SUPERCRETE PRECAST LTD.Appellant

AND

THE MINISTER OF NATIONAL REVENUERespondent

The appeal is dismissed. The Tribunal finds that the appellant is not eligible for a refund of the federal sales tax paid during the period of April 1983 to December 1984 because it has not respected the statutory time limitation for the filing of a refund claim imposed by section 44 of the Excise Tax Act. The Tribunal further finds that the appellant sold the precast concrete beams to an entity other than a municipality, contrary to the exempting provision of section 1, Part XII, Schedule III of the Excise Tax Act.

 

John C. Coleman ______ John C. Coleman Presiding Member

Sidney A. Fraleigh ______ Sidney A. Fraleigh Member

W. Roy Hines ______ W. Roy Hines Member

Robert J. Martin ______ Robert J. Martin Secretary




 

Excise Tax Act - Federal sales tax refund - Whether the appellant filed its refund within the statutory time limitation - Whether the appellant sold the goods in issue to a municipality as defined in the Excise Tax Act - Whether Metro Canada Limited is an agent of British Columbia Transit - Whether the latter is a municipality as defined under the Excise Tax Act.

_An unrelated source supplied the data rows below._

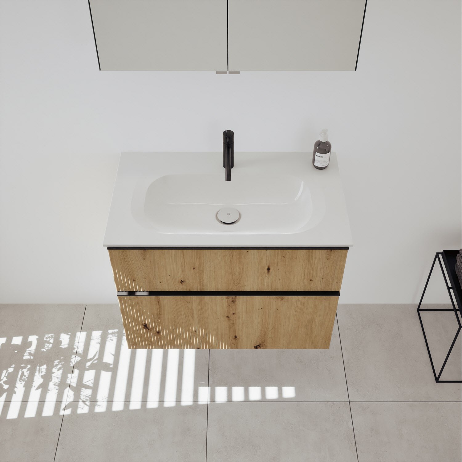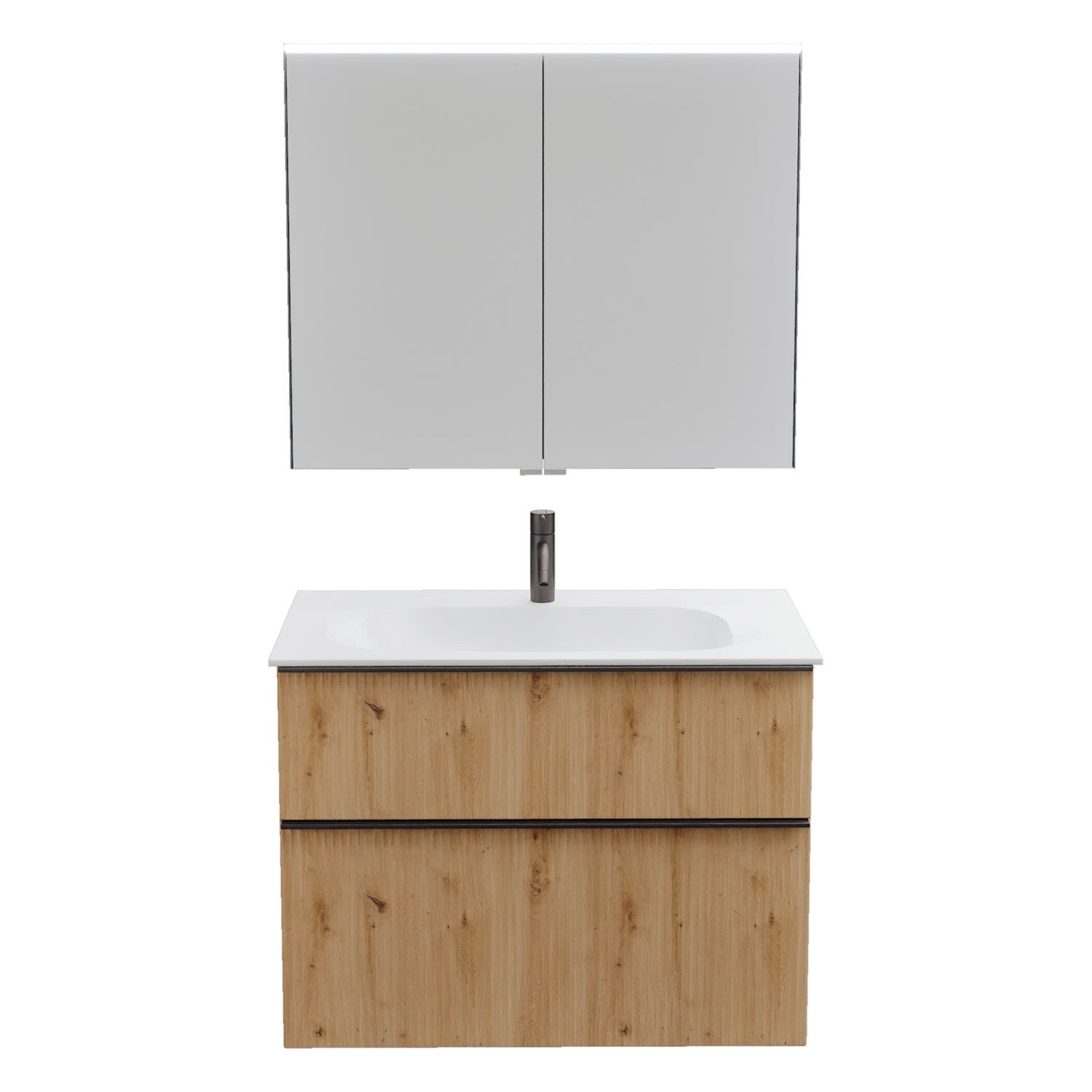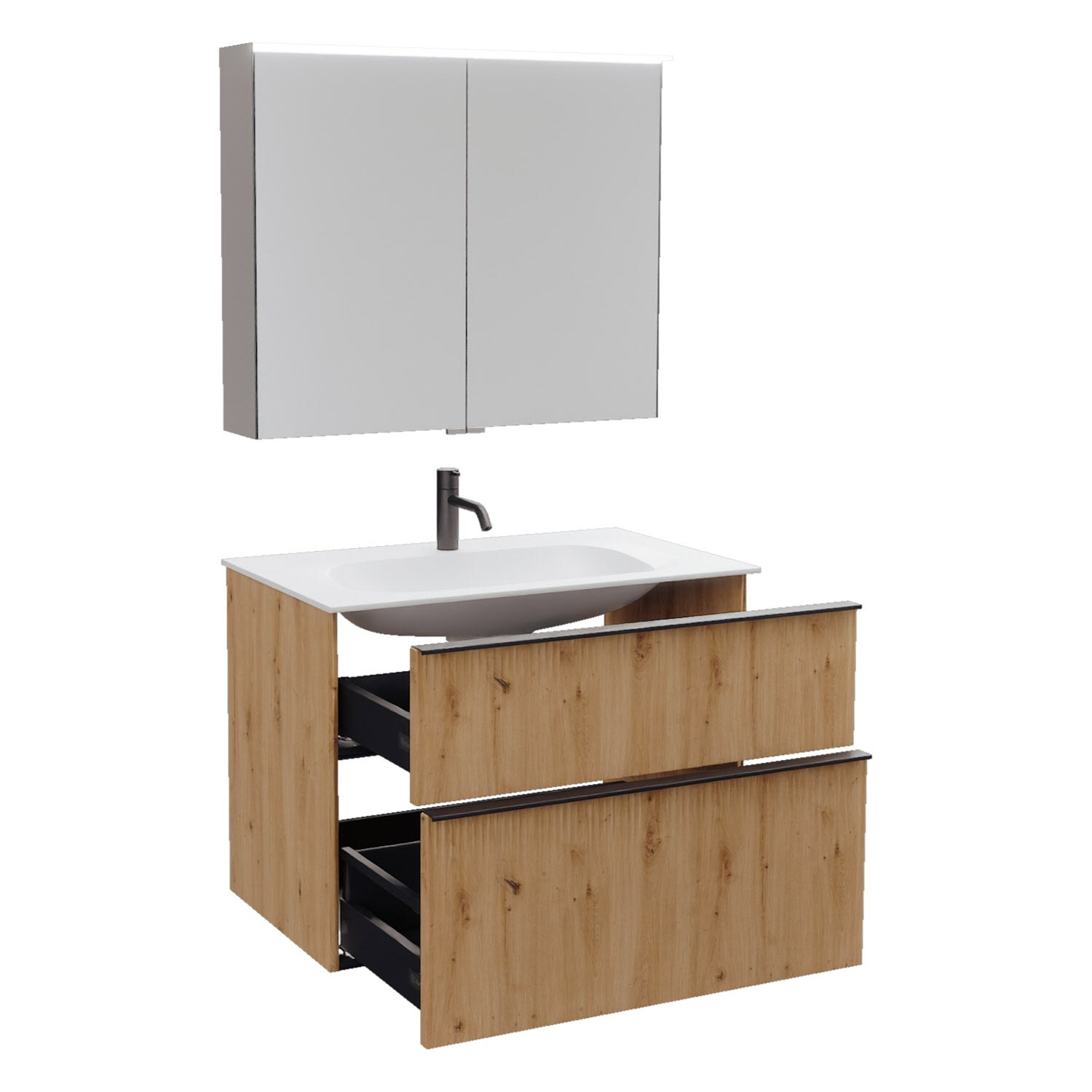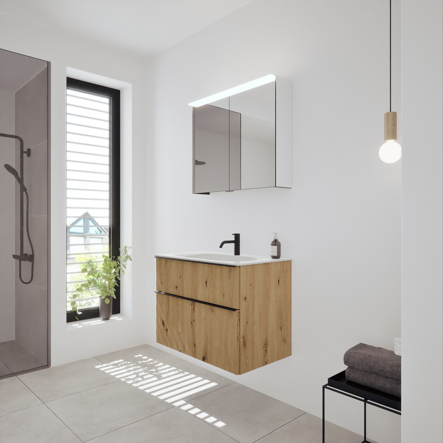 burgbad Fiumo 2.0 Badmöbelset 82 cm mit Waschtisch mit Unterschrank mit Griff G0200 und Spiegelschrank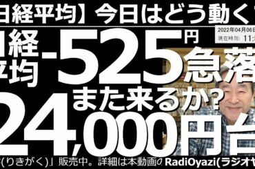 INVESTMENT 2022.04.06 【日経平均-今日はどう動く?】日経平均-525円と急落!また来るか?24,000円台! ハト派と見なされているFRBブレイナード氏が、積極的な金融引き締めに言及したことで米市場が下落。この先どうなる?…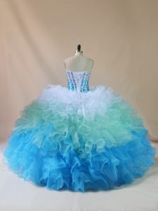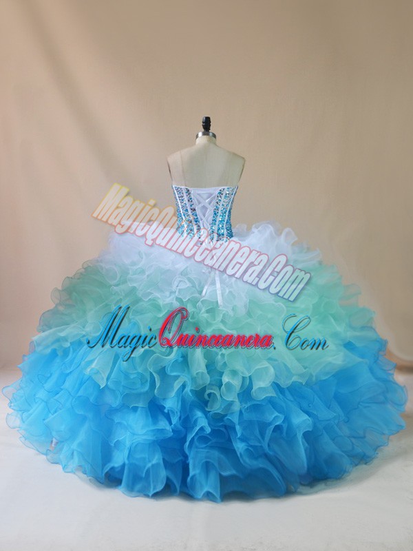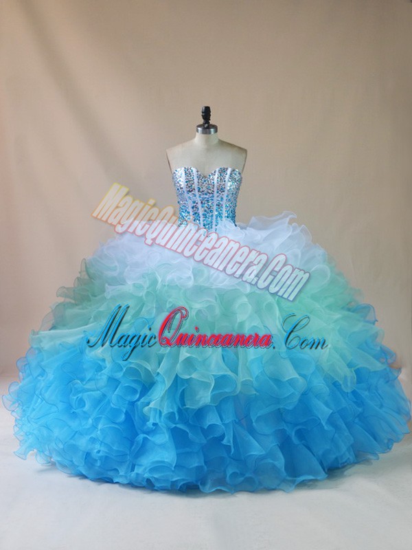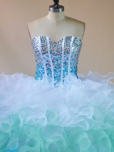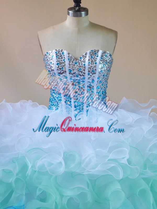 , Organza Sleeveless Floor Length Sweet 16 Dresses and Beading and Ruffles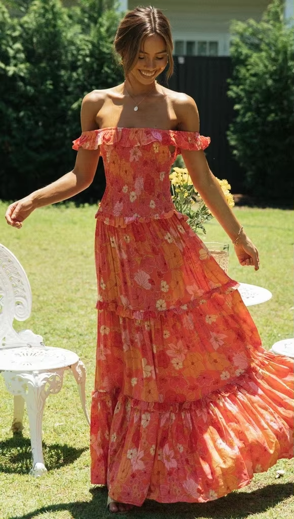 Bohemian Flowers Print Off Shoulder Long Dresses Women Fresh And Sweet Vacation Style Dress Fashion Beach Party Vestidos Female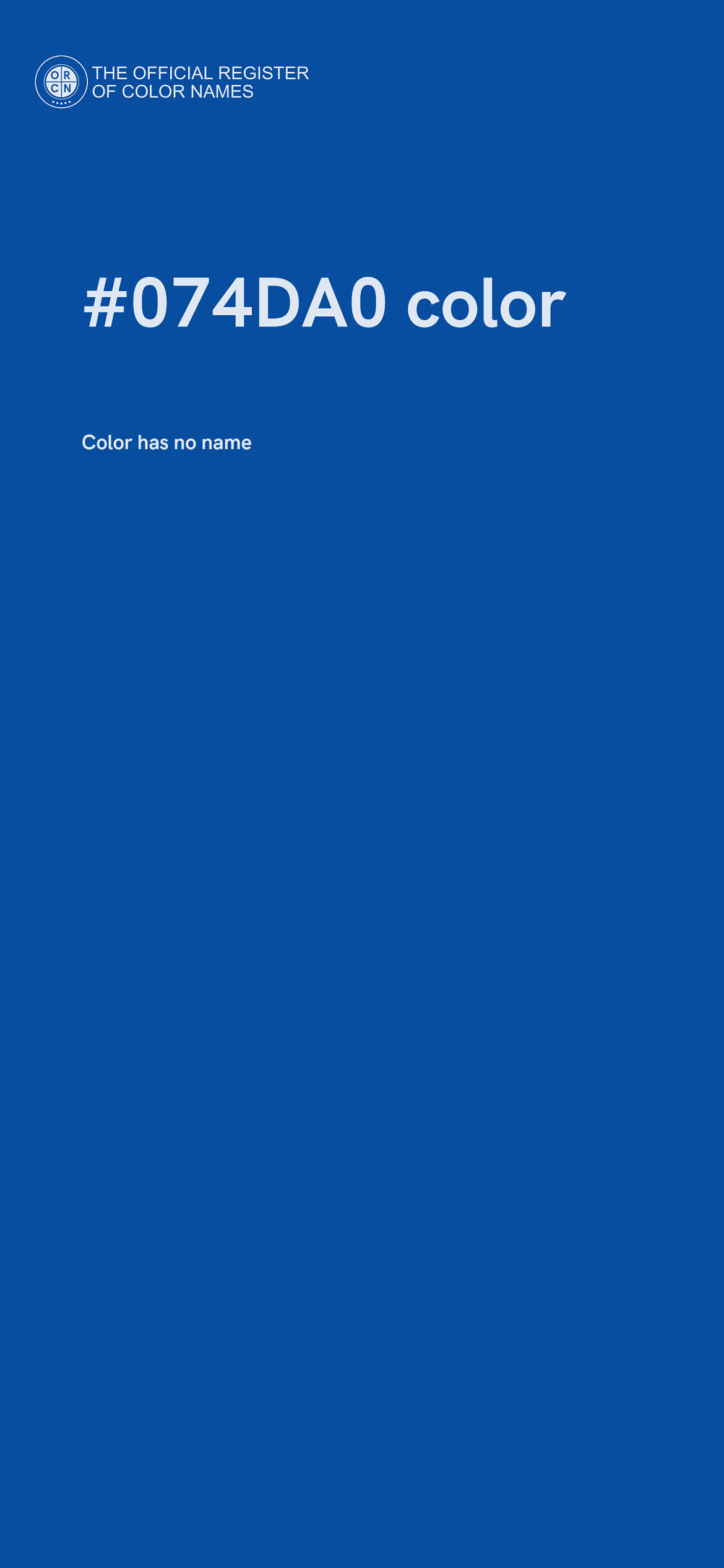 The digital color HEX #074DA0 belongs to the Azure Color Family featuring Full Saturation (Saturation Family) and Neutral (Brightness Family).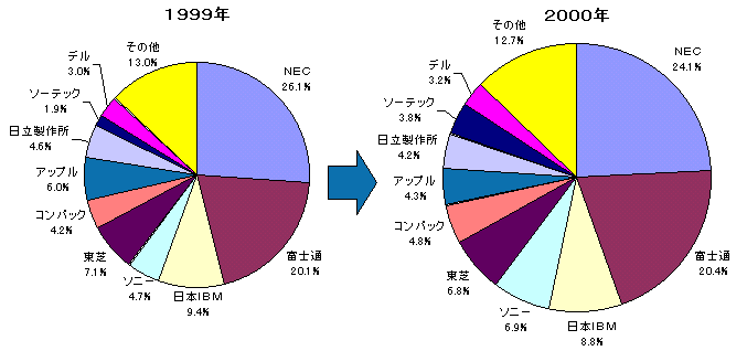 メーカー別のシェアは、319万台(同22.2%増)を出荷したNEC(6701)がトップを維持したものの、24.1%で前年より1.9ポイント落とした。逆に2位の富士通(6702)は0.3ポイント伸ばして20.4%とした。また、前年比でほぼ倍の91万台を出荷したソニー(6758)は6.9%を確保、前年の6位から4位に躍進した。店頭売りが伸びているソーテック(6829)は3.8%で9位と、初めてベストテン入りしている。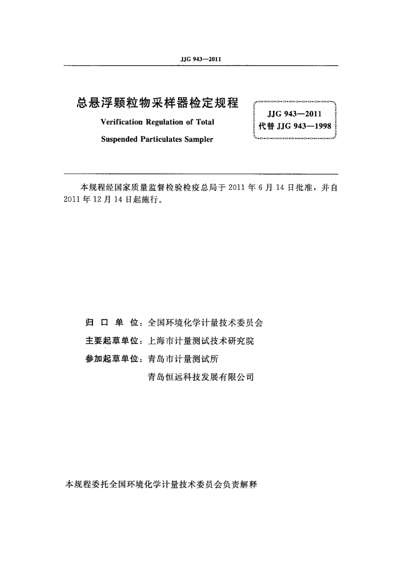 JJG943-2011总悬浮颗粒物采样器348072@abc4个月前发布关注私信1.04MB13页032JJG943-2011总悬浮颗粒物采样器此内容为付费资源,请付费后查看¥13¥23黄金会员免费钻石会员免费立即购买您当前未登录!建议登陆后购买,可保存购买订单付费资源 第1页 / 共13页 第2页 / 共13页 试读已结束,还剩11页,您可下载完整版后进行离线阅读 THE END标准规范 文本预览 J可G中华人民共和国国家计量检定规程JJG943-2011总悬浮颗粒物采样器Total Suspended Particulates Sampler2011-06-14发布2011-12-14实施国家质量监督检验检疫总局发布 查看更多 收起部分 喜欢就支持一下吧收藏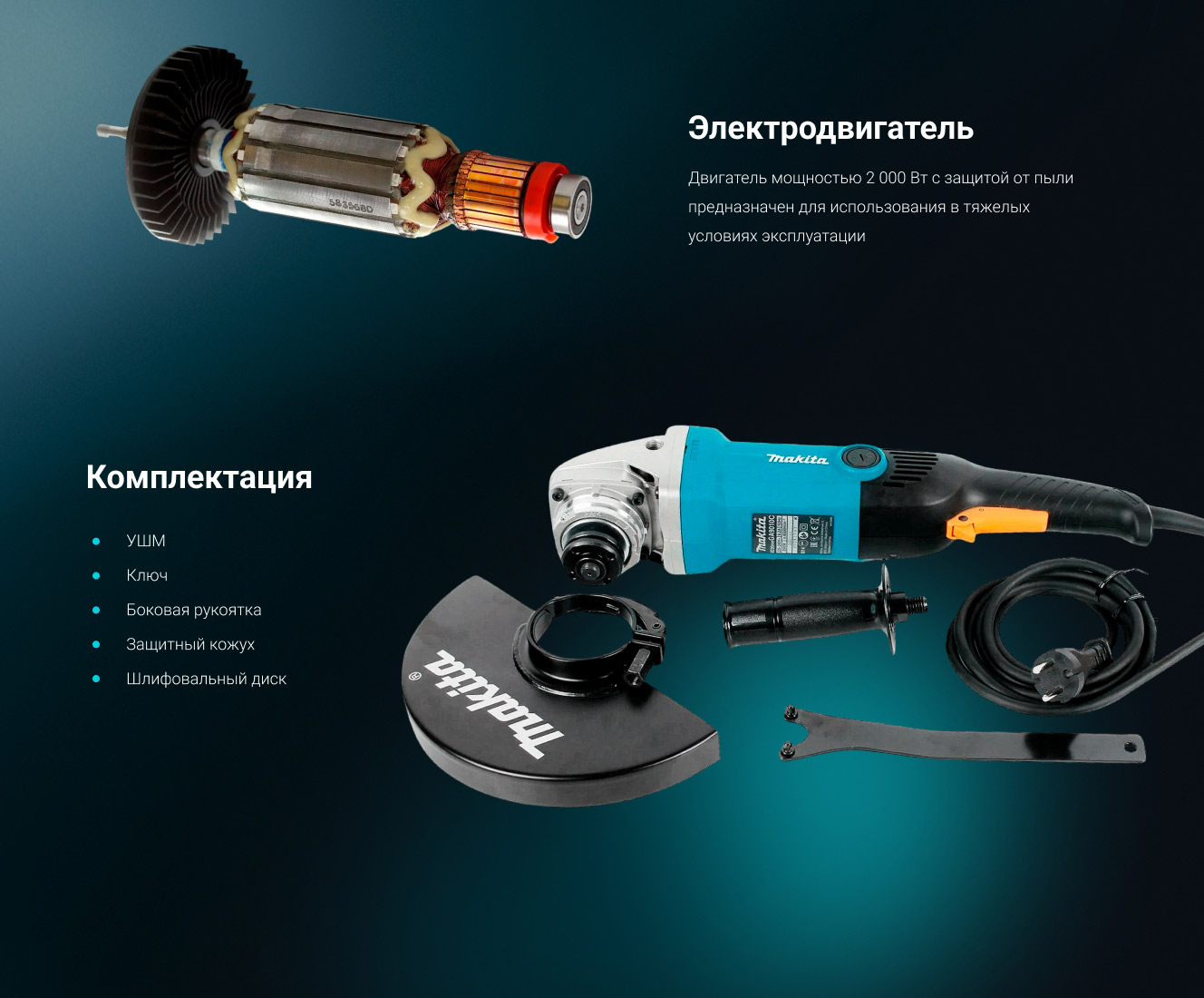 Угловая шлифмашина Makita GA 9010 C - небольшая и удобная, справится с резкой металлов, шлифовкой, зачисткой. Редуктор защен от пыли - инструмент дольше проработает без поломок. Постоянная скорость вращения поддерживается электроникой. Редуктор поворачивается.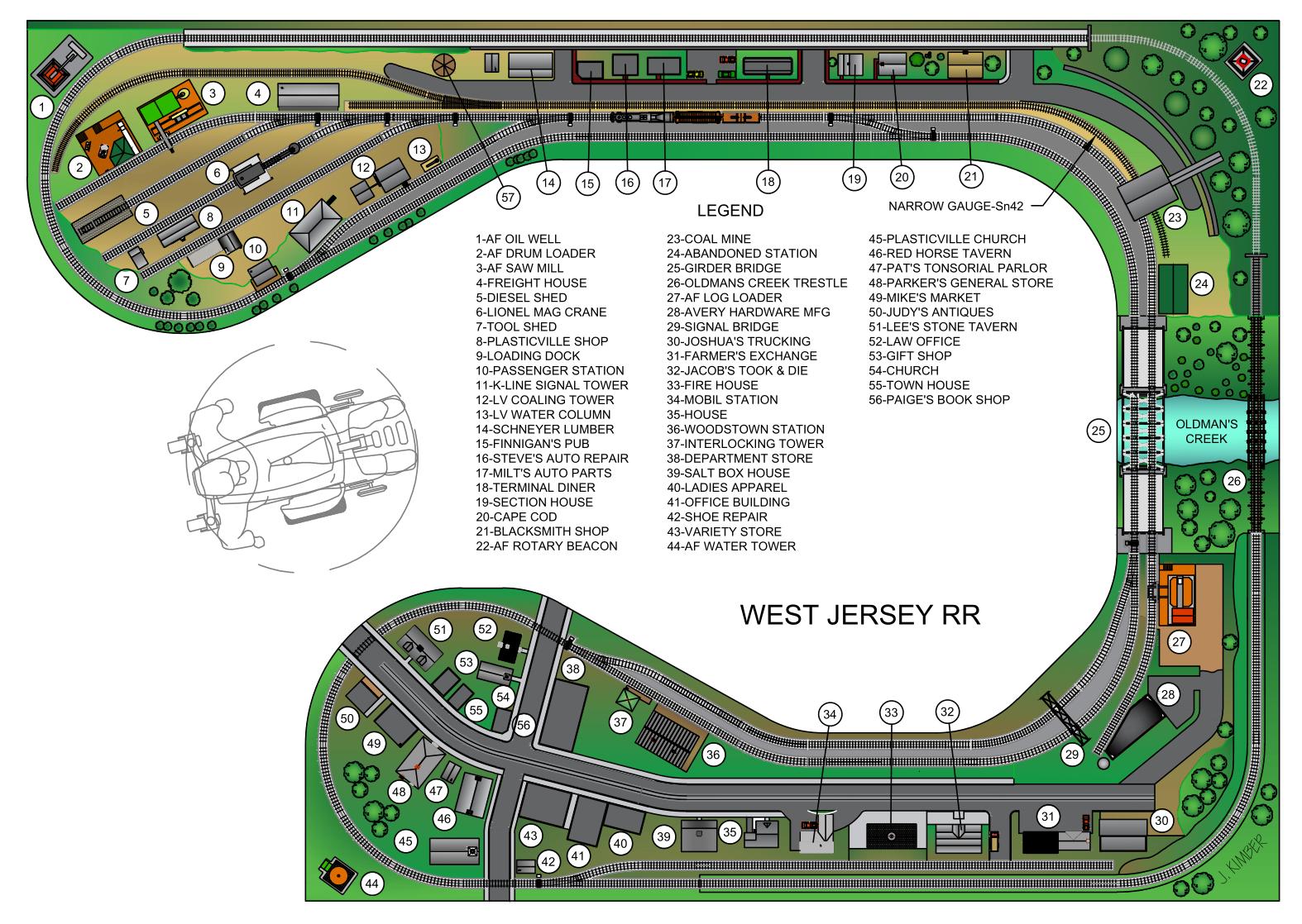 The layout is constructed in a stand-alone barn, after having been moved from the house's attic. This is Joe's third layout. The layout and its space are designed for wheel-chair access. Joe passed away in November 2023. Despite Joe's passing, members of the South Jersey S

DECISION: The appeal is dismissed. The appellant was late in filing its refund claim under section 44 of the Excise Tax Act. Furthermore, the appellant sold the goods in issue to an entity other than a municipality, contrary to the exempting provision of section 1, Part XII, Schedule III of the Excise Tax Act.
 

Place of Hearing: Vancouver, British Columbia Date of Hearing: May 12, 1989 Date of Decision: October 16, 1989
Panel Members: John C. Coleman, Presiding Member Sidney A. Fraleigh, Member W. Roy Hines, Member
Counsel for the Tribunal: Lyne Letarte Clerk of the Tribunal: Janet Rumball
Appearances: David F. Lunnen, for the appellant Michael Ciavaglia, for the respondent
Statutes Cited: Excise Tax Act, R.S.C. 1970, c. E-13, subss. 2(1), 29(1), 44(6) and section 44, and section 1, Part XII, Schedule III; An Act to amend the Excise Tax Act and the Excise Act and to amend other Acts in consequence thereof, S.C. 1986, c. 9; Canadian International Trade Tribunal Act, S.C. 1988, c. 56, s. 60; Urban Transit Authority Act, R.S.B.C. 1979, c. 421; Urban Transit Authority Amendment Act, R.S.B.C. 1982, c. 53; British Columbia Transit Amendment Act, R.S.B.C. 1984, c. 1.
Dictionary: Black's Law Dictionary, H.C. Black, Revised 4th ed., West Publishing Co.
Author: Driedger, E.A., Construction of Statutes [1983], p. 85.




 

SUMMARY

This appeal was launched following the respondent's refusal to allow a refund of federal sales tax. The appellant sold precast concrete beams to an agent of British Columbia Transit (BCT), the owner of the "Skytrain" system in Vancouver. The appellant claimed that it was entitled to a refund because, firstly, the claim was filed in a timely manner, secondly, the goods were sold to BCT, which should be considered by the Tribunal as a municipality pursuant to the Excise Tax Act [1] (the Act) definition, and thirdly, the "Skytrain" is a highway system and goods sold to municipalities for highway systems are exempt from federal sales tax.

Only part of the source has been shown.